Metadata-Version: 2.1
Name: scvalue
Version: 0.0.1
Summary: scValue: value-based subsampling of large-scale single-cell transcriptomic data
Home-page: https://github.com/LHBCB/scvalue
Author: Li Huang
Author-email: hl@ism.cams.cn
License: BSD-3-Clause
Classifier: Programming Language :: Python :: 3
Classifier: License :: OSI Approved :: BSD License
Classifier: Operating System :: OS Independent
Requires-Python: >=3.10
Description-Content-Type: text/markdown
License-File: LICENSE
Requires-Dist: scikit-learn>=1.5.2
Requires-Dist: scipy>=1.14.0
Requires-Dist: numpy>=1.26.4
Requires-Dist: pandas>=1.5.3
Requires-Dist: joblib>=1.4.2

# scValue

## Desciption
`scValue` is a Python package designed for efficient value-based subsampling of large scRNA-seq datasets. It prioritises cells of higher value (indicative of greater utility for cell type identification) over cells of lower value and allocates more representation to cell types with greater value variability in the resulting subsamples, which support effective downstream machine/deep learning tasks. 
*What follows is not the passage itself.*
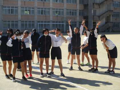 始業まえに行ったところ「写真を撮ってください!」と生徒たちが集まりました。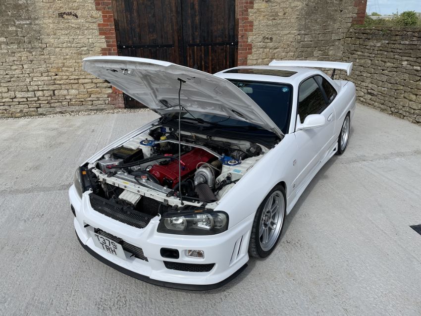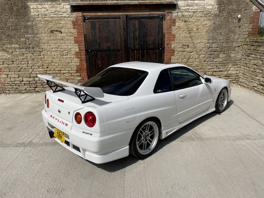 131999 Nissan Skyline R34 GTTReg. no. T379 TRHChassis no. ER34-025887Engine no. RB25DETTransmission: ManualMileage: 94,500 (Mix of kms & miles)MOT: October 2023The Nissan Skyline will be forever etched in the sands of time as one of the most iconic Japanese cars ever produced. The R34 generation is one of the most popular, thanks to an excellent motorsport heritage and of course the F.&F. franchise resulting in one of the fastest climbing investment cars currently available, heightened now that the R34 is becoming legal to import and own in the USA as it reaches its key 25 years of age.This GTT, single turbo, rear wheel drive example was first registered in Japan in July of 1999 so will be legal to export to the states within the next 12 months, which is likely to automatically increase its value. It was imported by Torque-GT in March of 2015 and has only had two UK owners. It has been with its current owner since 2018 and has been developed as a fast road car with occasional track use. As a result, the car has been very well maintained as well as many top-quality parts being added to ensure it handles as well as it goes. The vendor recollects that the car had covered around 80,000 kms (49,709 miles) when imported before it was converted to miles; this would put the car at around 65,000 miles in total.The Nissan RB25 DET is a 6-cylinder, turbo engine that is well known for offering lots of potential power whilst remaining reliable. The power of this engine has been vastly increased; internal changes include Tomei Type B Poncams, Cosworth headgasket and ARP studs. 1000cc injectors are fitted, combined with a Garrett G30-660 roller bearing turbo. Supporting modifications also include Walbro fuel pump, 6-Boost top mount manifold, RB build throttle body, plenum, fuel rail and 3” stainless exhaust system. The whole setup runs on a Link G4 ECU with two maps, one set for 500bhp and the other for 573bhp. Cooling is assisted by a large FMIC, alloy radiator and Mocul oil cooler.Of course, running all that power requires handling and braking upgrades as well, where no expense has been spared. Helping put the power down is an extreme organic clutch kit, Cube short shift kit, custom prop shaft and 1.5-way KAZ LSD with full poly bush kit and Whiteline anti-roll bars. BC coilovers and Cusco strut brace finish off the list of handling changes aside from the very grippy Yokohama AO52 tyres that wrap the Enkei wheels. K sport 356mm front brake setup and R33 GTR rear setup offer the stopping power. The listed modifications and no-expense-spared maintenance mean this car drives very well on road and track with no issues to report.Externally the car is in stunning condition with a recent front end respray to eradicate any stone chips. It features factory option body kit, Xenon headlights, electric folding mirrors, air conditioning and rare option sunroof. Additions include custom fibreglass bonnet for weight loss and cooling as well as clear front and side indicators for a more up-to-date look. Much of the interior was removed previously to cavity wax any internal bodywork to ensure it is well protected. The underside of the car remains in excellent order. The interior is very well presented and features Recaro SP4 seats sat on Bride seat rails and a well-hidden, but quite expensive, Pioneer sound system with DVD head unit.The sale includes a current V5C document, history including receipts from renowned South-West Skyline specialist Bells Auto Services, who carried out the top mount turbo conversion just over 12 months ago to the tune of £8,500 which of course included fresh mapping. History also includes some original Nissan booklets, import paperwork as well as a spare key and alarm fob. All in all, this is a well-presented example of the R34 with phenomenal performance that is ready to be cherished and enjoyed by its new owner.Estimate: £36,000 - 40,000To be auctioned along with a fantastic selection of other vehicles on July 1st at our Showell Farm site, SN15 2NU with viewing on the 29th and 30th of June, you can also join us at our Nostalgia Social cars & coffee event on June 25th. Viewing is welcome prior to sale and all cars are sold as seen, condition reports can be requested on each lot by contacting us direct. Lots are not available to buy prior to auction. Fully illustrated catalogue is available on the Richard Edmonds Auction website. Bids can be made online, by telephone or live on site. All lots are subject to commission. Vehicles that are un-registered or on foreign plates may require Import Duty and Vat to be paid upon purchase via HMRC prior to registering with the DVLA for a UK plate, if you are not sure please ask. For classic cars over 30 years this equates to 5% Duty on the final value. For cars described as MOT exempt (pre-1983) these vehicles may need their exemption registered with the DVLA.

The package has been implemented using `Python` 3.10, `scikit-learn` 1.5.2, `SciPy` 1.14.0, `NumPy` 1.26.4, `pandas` 1.5.3, and `joblib` 1.4.2. Experiments in the paper were conducted using `Scanpy` 1.10.2 and `AnnData` 0.10.8.

## Installation
The package can be installed using pip:
``` python
pip install scvalue
```

## Quick start
Load necessary modules
```python
import pandas as pd
import numpy as np
import scanpy as sc
from scvalue import SCValue
```
### Read and preprocess input scRNA-seq data 
The example dataset of 89,429 mouse T cells (mTC) can be downloaded from https://datasets.cellxgene.cziscience.com/6c253303-8255-4004-8464-5e90dd5846cb.h5ad in the h5ad format. It has already been log-normalised. Here, we perform principal component analysis (PCA) on the top 3,000 highly variable genes (HVGs), as scValue accepts principal components (PCs) as the default features (`n_comps=50`).
```{python}
adata = sc.read_h5ad('mTC.h5ad')
sc.pp.highly_variable_genes(adata, n_top_genes=3000)
sc.pp.pca(adata, n_comps=50, use_highly_variable=True)
```

### Subsample by scValue
Subsample 10% cells of mTC and return a new AnnData containing the subsample. Alternatively, `sketch_size` can be specified as an integer, representing the exact number of cells to be subsampled. Users can also specify:
- the type of features `use_rep` (default "X_pca")
- `cell_type_key` (default "cell_type") in the original anndata
- the number of trees, `n_trees`, in the random forest (default 100)
- the subsampling `strategy`, one of the three options, listed in an increasing order of cell type separation: 
    - full binning, "FB" (default)
    - mean-threshold binning, "MTB"
    - top-pick, "TP"

Instead of value-weighted subsampling, proportional subsampling, `prop_sampling`, can be carried out if the original cell types are highly balanced or if users wish to maintain the original cell type proportions. In addition, the data value of individual cells can be saved to disk for future reference by setting `write_dv=True`. Lastly, a random `seed` (default 42) can be specified for random forest fitting. 
```{python}
# create an instance of the SCValue class
scv = SCValue(adata=adata, 
              sketch_size=0.1, 
              use_rep="X_pca",
              cell_type_key="cell_type", 
              n_trees=100,
              strategy="FB", 
              prop_sampling=False,
              write_dv=False,
              seed=42)
scv.value() # perform value computation and value-based subsampling
adata_sub = scv.adata_sub
```

`adata_sub` can be plotted using `plot_umap` in `reproducibility/eval_time_hd_gini.py` to reproduce the demo (Section 3.1) in the paper. All datasets used in the paper are publicly available, as detailed in Supplementary Section S1.

## Reference
Li Huang & Dongsheng Chen, scValue: value-based subsampling of large-scale single-cell transcriptomic data. 2024.